The system had been implementing pay increases as it could to reverse a trend that had seen Ballad’s clinical turnover rate higher than the national average. He said that had turned better before COVID hit.
A nursing shortage in the middle of the pandemic — and the cost of travel nurses roughly doubling to about $140 an hour — made the decision not such a difficult one, Levine said.
“With that we were able to keep our nursing turnover in check, which was good because we were losing, hospitals all over the country were losing nurses to temp staffing agencies,” Levine said. “That was our strategy behind the wage adjustments for nursing and it worked. Our turnover actually decreased once we did those adjustments.”

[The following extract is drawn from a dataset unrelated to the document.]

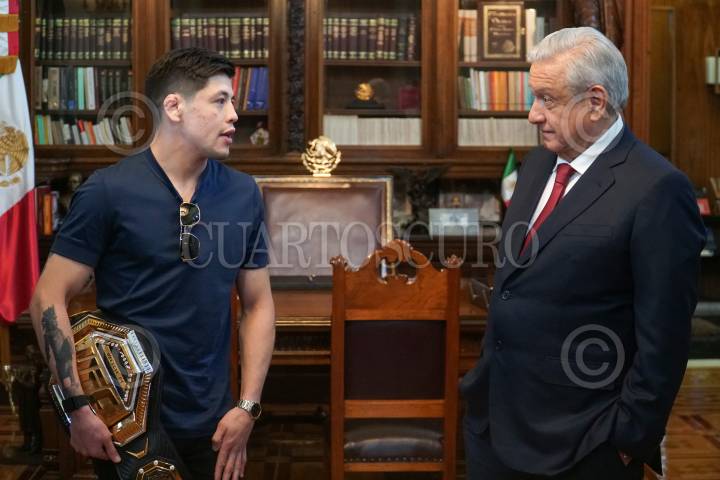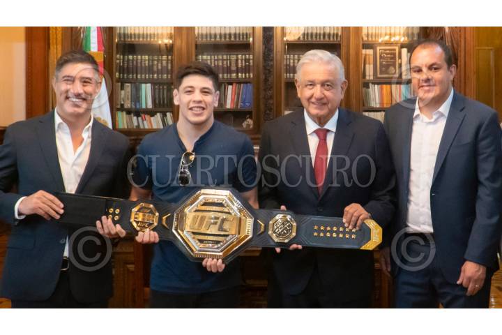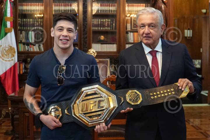 Andrés Manuel López Obrador, Presidente de México, se reunió con Brandon Moreno, campeón mundial de la UFC en artes marciales mixtas, en Palacio Nacional.

That move hasn’t prevented Ballad from paying far more for contract staff than it did the first half of FY 2020. Its contract labor costs were $37 million in the first six months of FY 2021, up from $24 million the prior year — though some of that could have been for the 800 people who temporarily helped during the EPIC transition.
Long-term, Levine said he expects the pay investments to pay off — and lower contract labor costs.
“The nursing adjustments and all those other things on an annualized basis will cost over $20 million. So this stuff doesn’t come cheap but the reality is it’s never wrong to invest in your own people – and particularly when it was difficult.
“To us the right thing is to make sure we’ve got the complement of nurses and bedside caregivers that we can take care of our community not just for COVID but for everything else also.”